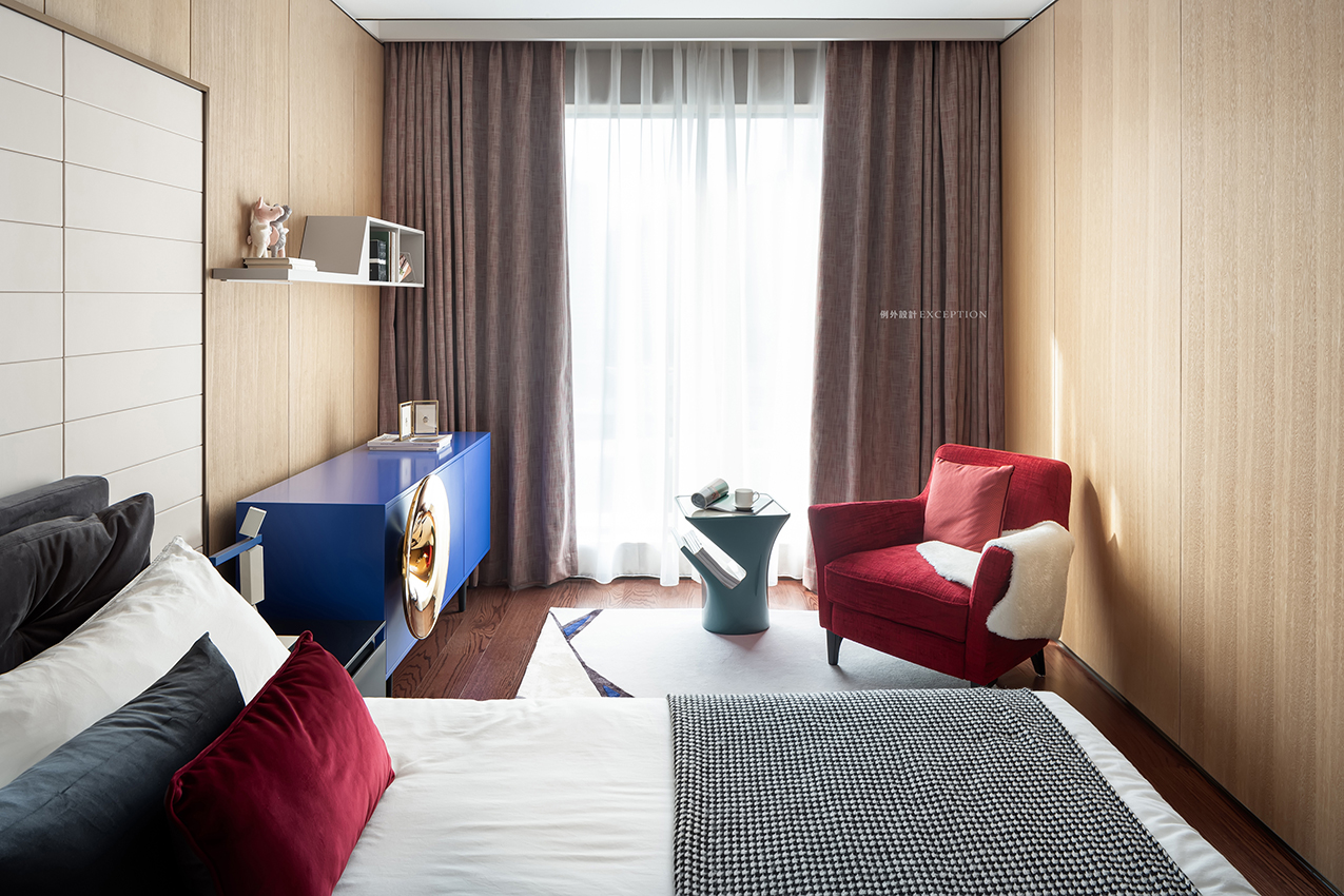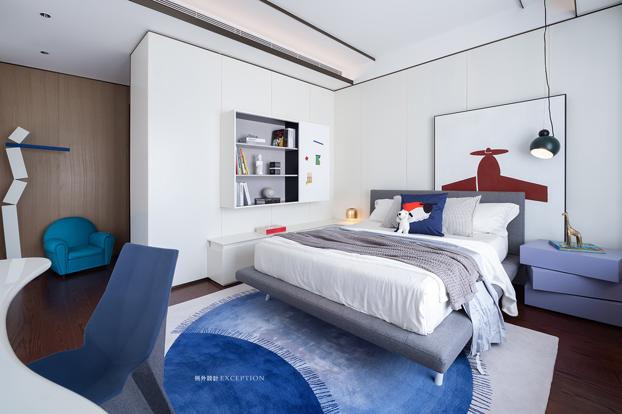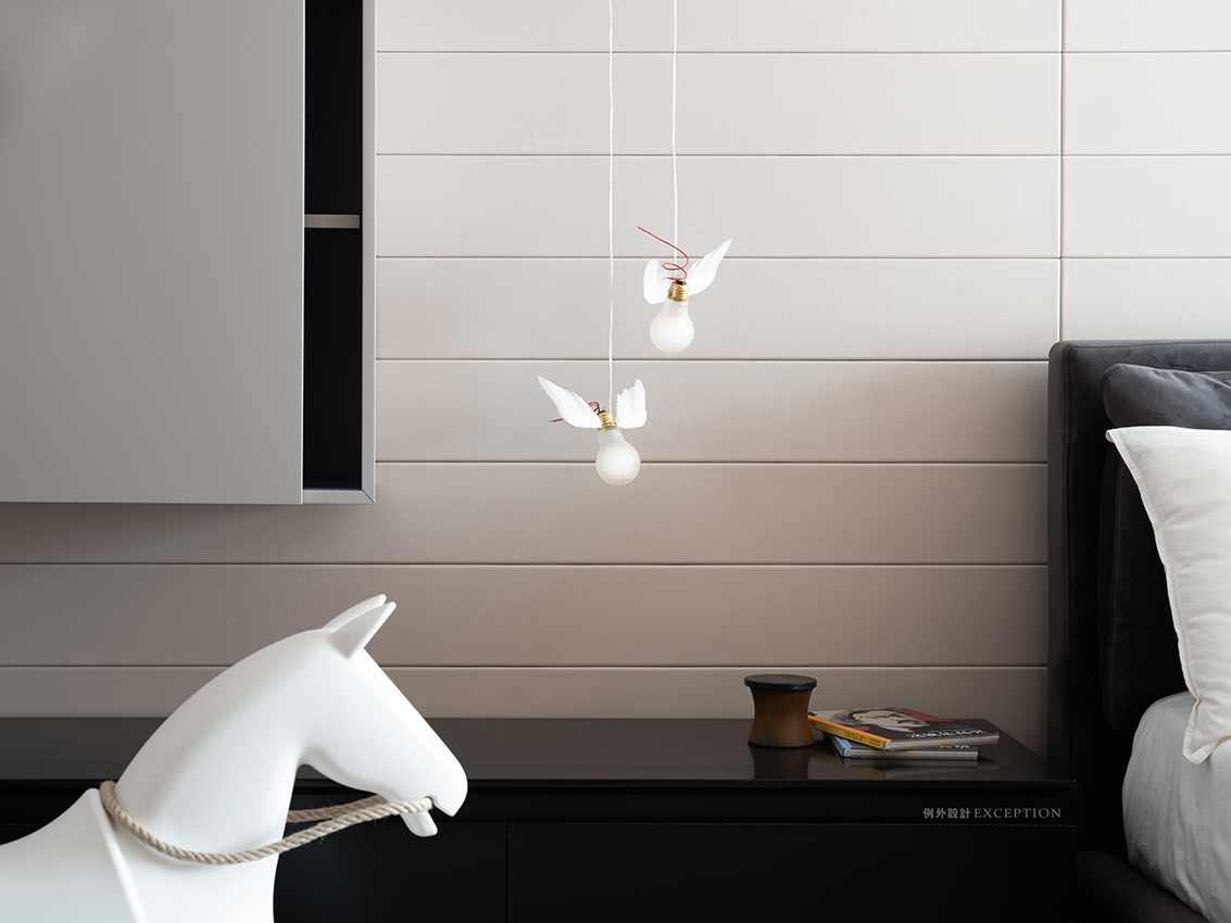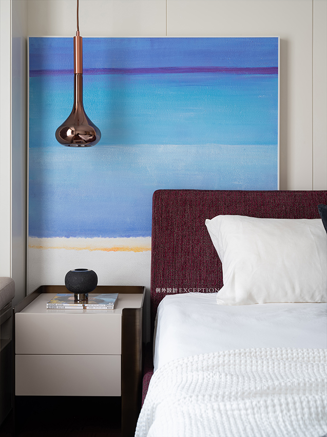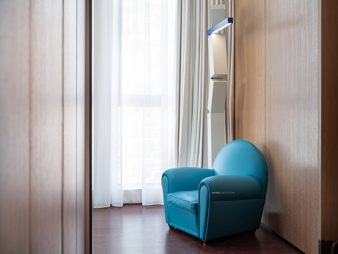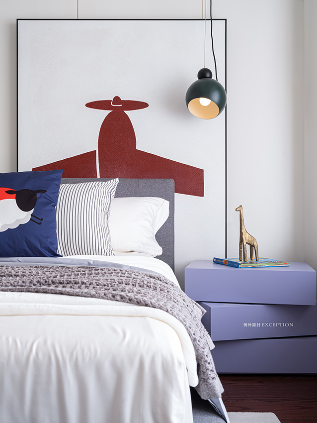 對藝術(shù)的向往不分年齡,無關(guān)時月。長輩房以木色塑造平實質(zhì)樸的意境,飛鳥燈玲瓏巧致,與燕尾元素地毯一起賦予空間祥和美滿的生活愿景。當(dāng)悠揚的曲調(diào)從嵌入式音箱里緩緩而出,一切都恰到好處,最好的狀態(tài)便是隨心所愿地墜入對生活的本真期待,慢慢去感悟。
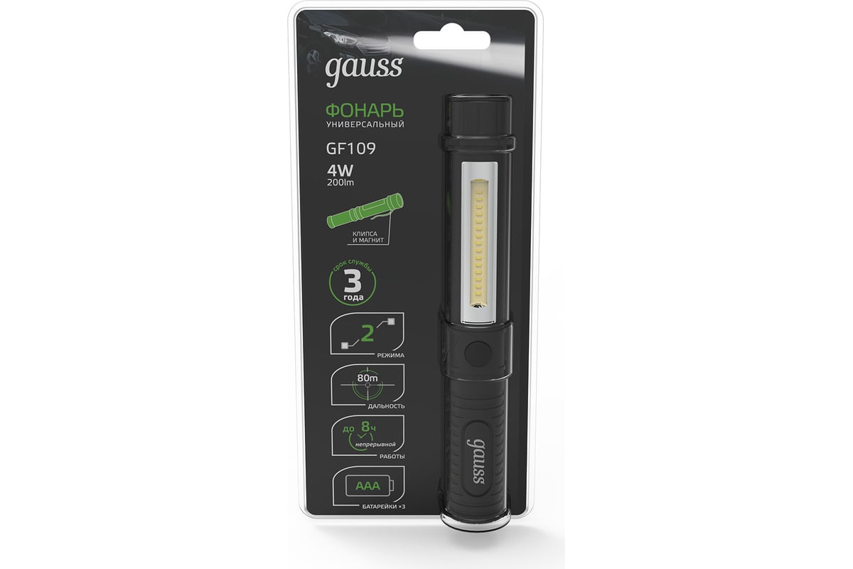 Преимущества Gauss GFL109 4W 200lm 3xAAA LED GF109
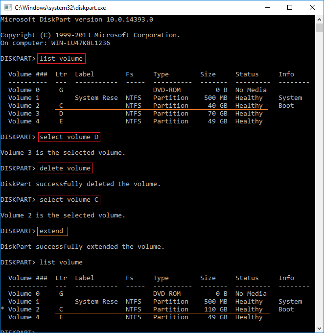 In a short time, diskpart reports successfully extended the volume. Type list volume again, as you see, my C drive is increased from 40GB to 110GB.
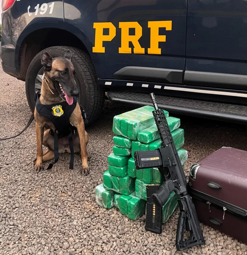 A cadela de faro da PRF “Quântica” deu sinal positivo para a existência de entorpecente na bagagem de uma adolescente, de 17 anos. A jovem disse que levaria a mercadoria até Passo Fundo/RS, mas não revelou quem receberia a encomenda.

YOUR GOAL: Restate the material word for word from its first line through the line containing "Преимущества Gauss GFL109", both included; the pictures do not belong in it.

RESPONSE BOX:
 對藝術(shù)的向往不分年齡,無關(guān)時月。長輩房以木色塑造平實質(zhì)樸的意境,飛鳥燈玲瓏巧致,與燕尾元素地毯一起賦予空間祥和美滿的生活愿景。當(dāng)悠揚的曲調(diào)從嵌入式音箱里緩緩而出,一切都恰到好處,最好的狀態(tài)便是隨心所愿地墜入對生活的本真期待,慢慢去感悟。
 Преимущества Gauss GFL109 4W 200lm 3xAAA LED GF109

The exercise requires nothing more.